2011 I-League U19
- Champions: JCT
- Goals scored: 90
- Average goals/game: 3.3
- Biggest home win: Dempo 6–1 Salgaocar (Group stage)
- Biggest away win: Sporting Clube de Goa 2–6 Dempo (Group stage)
- Highest scoring: Sporting Clube de Goa 2–6 Dempo (Group stage) Mumbai 6–2 ONGC (Group stage)
- Longest winning run: East Bengal (5 games)
- Longest unbeaten run: East Bengal (5 games)
- Longest losing run: Salgaocar ONGC Viva Kerala Churchill Brothers (3 games)

= 2011 I-League U19 =

The 2011 I-League U19 was the third edition of the I-League U19.

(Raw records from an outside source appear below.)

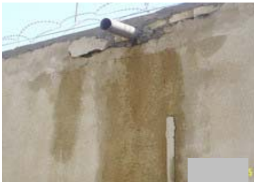
Site Photo 26: Exterior roof drain and deteriorated parapet at Project 18223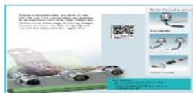
M12 Operating standard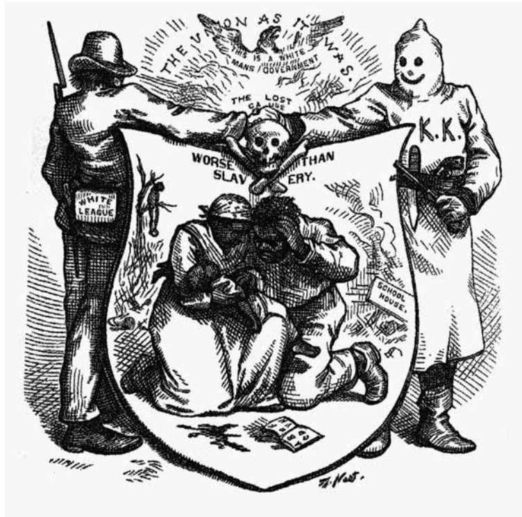
A cartoon from an American magazine published in 1874. The cartoon is called 'Worse than Slavery'.

All teams played the other teams in their group once and the group winners (4 group winners) play 3 final fixtures against each other, producing 6 games a season for the group winners and just 3 games for the other teams that did not make the final stage. JCT won the title on better goal difference.

==League Tables==
The first phase of the U-19 Football Tournament for I-League teams was held from 26 April – 6 May 2011 at four venues. Group A saw teams from Goa battling out for a place in the final round. Dempo, Salgaocar, Churchill Brothers and Sporting Clube de Goa are clubbed in Group A.

Kolkata hosted Group B encounters which featured East Bengal, Mohun Bagan, Chirag United and Shillong Lajong. ONGC, Mumbai, Pune FC and FC Air India were in Group C and played their matches in Mumbai with Punjab hosting Group D matches of teams comprising JCT, Viva Kerala and HAL.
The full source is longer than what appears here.